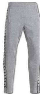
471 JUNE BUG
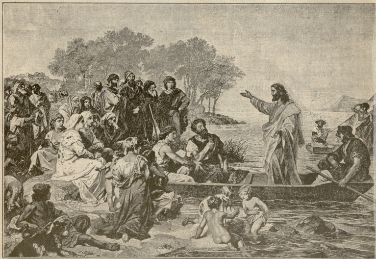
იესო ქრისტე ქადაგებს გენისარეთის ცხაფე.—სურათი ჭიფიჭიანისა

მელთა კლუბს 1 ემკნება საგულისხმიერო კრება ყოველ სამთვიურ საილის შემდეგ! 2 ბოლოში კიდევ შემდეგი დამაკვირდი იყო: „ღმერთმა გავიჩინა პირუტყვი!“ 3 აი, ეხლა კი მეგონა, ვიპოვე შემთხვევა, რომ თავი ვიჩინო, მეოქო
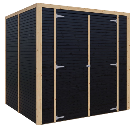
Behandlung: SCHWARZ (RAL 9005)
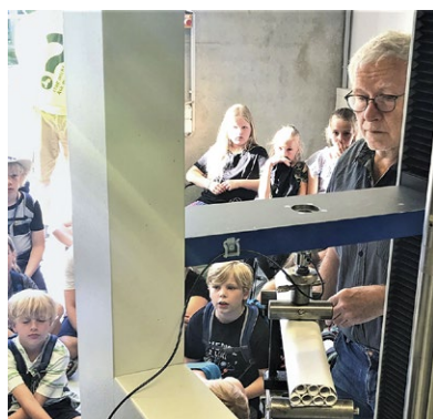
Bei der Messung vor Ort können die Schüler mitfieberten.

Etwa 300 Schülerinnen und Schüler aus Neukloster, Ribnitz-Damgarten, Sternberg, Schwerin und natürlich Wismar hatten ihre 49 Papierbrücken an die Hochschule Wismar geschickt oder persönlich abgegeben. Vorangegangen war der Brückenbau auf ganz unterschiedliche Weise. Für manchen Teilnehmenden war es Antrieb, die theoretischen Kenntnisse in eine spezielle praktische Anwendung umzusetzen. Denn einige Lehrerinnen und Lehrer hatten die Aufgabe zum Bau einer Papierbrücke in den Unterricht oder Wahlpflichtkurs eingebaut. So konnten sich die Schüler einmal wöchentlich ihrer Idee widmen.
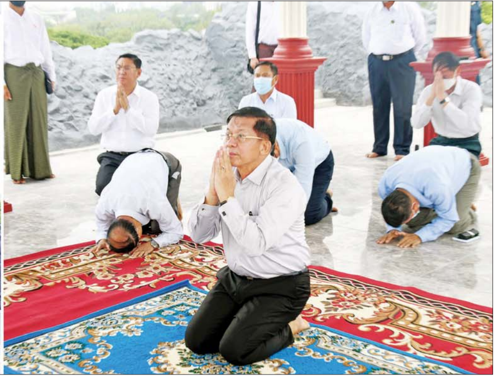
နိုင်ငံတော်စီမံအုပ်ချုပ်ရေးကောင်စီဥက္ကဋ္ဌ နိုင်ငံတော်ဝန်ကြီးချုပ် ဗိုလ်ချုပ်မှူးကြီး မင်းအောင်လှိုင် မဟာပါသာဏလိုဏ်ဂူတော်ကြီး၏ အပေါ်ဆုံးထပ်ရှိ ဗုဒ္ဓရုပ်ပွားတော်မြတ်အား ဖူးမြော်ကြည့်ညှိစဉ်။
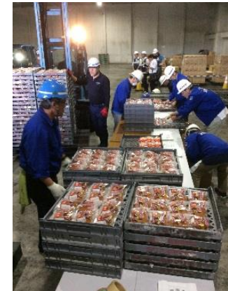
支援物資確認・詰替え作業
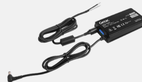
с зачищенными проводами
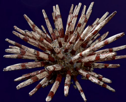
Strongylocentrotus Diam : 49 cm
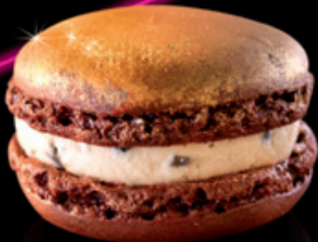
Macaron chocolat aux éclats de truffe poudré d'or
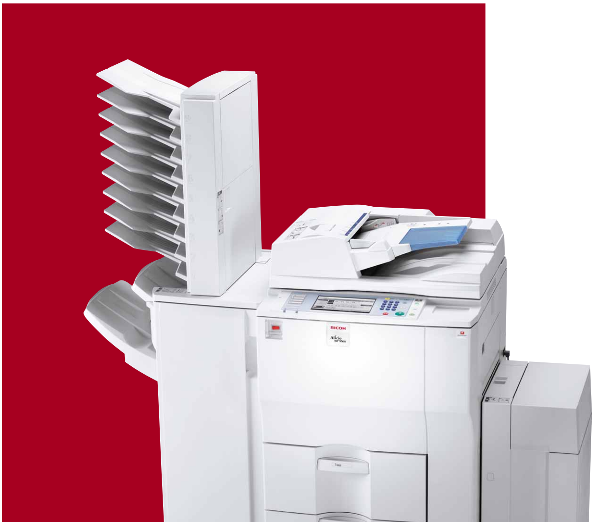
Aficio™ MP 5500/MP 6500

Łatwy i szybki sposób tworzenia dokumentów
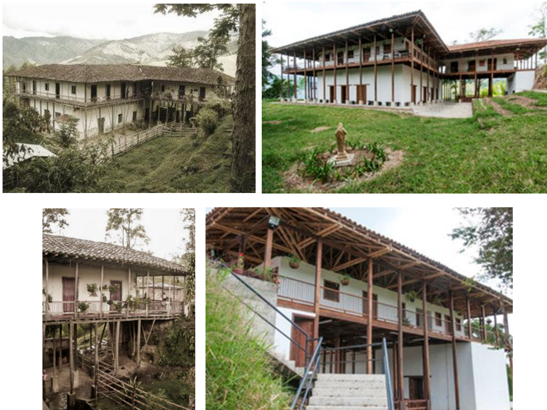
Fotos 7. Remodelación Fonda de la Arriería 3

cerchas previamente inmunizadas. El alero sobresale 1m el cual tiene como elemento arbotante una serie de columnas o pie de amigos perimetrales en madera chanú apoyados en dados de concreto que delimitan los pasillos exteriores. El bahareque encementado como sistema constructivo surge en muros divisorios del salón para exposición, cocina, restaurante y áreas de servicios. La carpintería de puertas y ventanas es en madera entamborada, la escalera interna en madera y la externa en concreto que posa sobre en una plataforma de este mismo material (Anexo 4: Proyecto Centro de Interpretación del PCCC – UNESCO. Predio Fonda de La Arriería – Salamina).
--
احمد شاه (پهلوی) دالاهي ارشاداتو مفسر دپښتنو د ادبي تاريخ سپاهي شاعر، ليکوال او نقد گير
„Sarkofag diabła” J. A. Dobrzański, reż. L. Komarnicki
* * *
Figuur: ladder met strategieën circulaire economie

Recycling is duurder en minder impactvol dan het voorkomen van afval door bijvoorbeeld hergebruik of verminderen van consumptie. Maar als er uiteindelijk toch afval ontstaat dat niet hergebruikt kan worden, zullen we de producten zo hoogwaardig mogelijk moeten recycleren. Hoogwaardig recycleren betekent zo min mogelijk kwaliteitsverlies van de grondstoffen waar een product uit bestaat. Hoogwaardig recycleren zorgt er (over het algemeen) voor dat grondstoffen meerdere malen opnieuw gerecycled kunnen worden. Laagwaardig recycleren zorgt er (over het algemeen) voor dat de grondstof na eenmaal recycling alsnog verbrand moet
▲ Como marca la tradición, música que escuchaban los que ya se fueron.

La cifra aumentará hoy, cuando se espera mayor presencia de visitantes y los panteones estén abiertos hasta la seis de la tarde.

*Task prompt:* Please return every line of the records above that contains the word "Fonda".

*Answer to this task:*
Fotos 7. Remodelación Fonda de la Arriería 3
cerchas previamente inmunizadas. El alero sobresale 1m el cual tiene como elemento arbotante una serie de columnas o pie de amigos perimetrales en madera chanú apoyados en dados de concreto que delimitan los pasillos exteriores. El bahareque encementado como sistema constructivo surge en muros divisorios del salón para exposición, cocina, restaurante y áreas de servicios. La carpintería de puertas y ventanas es en madera entamborada, la escalera interna en madera y la externa en concreto que posa sobre en una plataforma de este mismo material (Anexo 4: Proyecto Centro de Interpretación del PCCC – UNESCO. Predio Fonda de La Arriería – Salamina).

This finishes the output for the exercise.